The practical consequences for Russia's domestic crypto market are significant. Chainalysis consistently ranks Russia among the world's top three countries by crypto transaction volume, a figure driven in large part by widespread informal adoption, remittances, and P2P trading activity that operates well outside any regulatory framework. Criminalizing the service layer, rather than mere possession, targets the plumbing of that ecosystem. Exchanges, OTC desks, and custody providers face an existential choice: obtain a Central Bank license or exit the market. Most unlicensed operators will not qualify, and many will simply go underground.

For the broader global crypto market, Moscow's move is another data point in a pattern worth tracking. Russia joins a cohort of governments, including China, which banned crypto transactions outright in 2021, that have chosen state control over regulated openness. The contrast with the European Union's MiCA framework and the more accommodating posture emerging from Washington is becoming sharper.
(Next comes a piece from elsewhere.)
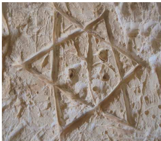
Рис. 10 Изображение шестиконечной звезды на стене пещеры Эль-Абьяд (р-н Пальмиры, Сирия) [Валецкий, Миронова, 2017].

В исследовании ещё одного знака из пещеры Эль-Абьяд, а именно, шестиконечной звезды (Рис. 10), О.В. Валецкий приходит к выводу о том, что обнаружение на стенах пещерного храмового комплекса, которым является пещера Эль-Абьяд, символов Великой Богини вместе с символом «шестиконечная звезда» [Валецкий, 2018] является немаловажной деталью, показывающей трансформацию символов Великой Богини и её культа в культ Инанны, который известен у шумеров.

Regulatory arbitrage, the flow of crypto activity toward permissive jurisdictions, is accelerating as a structural feature of the market rather than a temporary anomaly.

Investors and operators with any exposure to Russian user bases or Russian counterparties should treat this bill as a near-certainty rather than a proposal. Legislative momentum is clearly with the Central Bank's faction, and the Duma has shown little appetite for softening crypto restrictions in recent sessions. The more consequential question now is whether criminalization drives Russian transaction volume into harder-to-trace P2P channels, which would complicate compliance for global exchanges trying to screen for sanctioned activity, or whether it simply displaces that volume to jurisdictions with lighter regulatory touch. Either outcome reshapes the geography of crypto liquidity in ways the market has not fully priced in.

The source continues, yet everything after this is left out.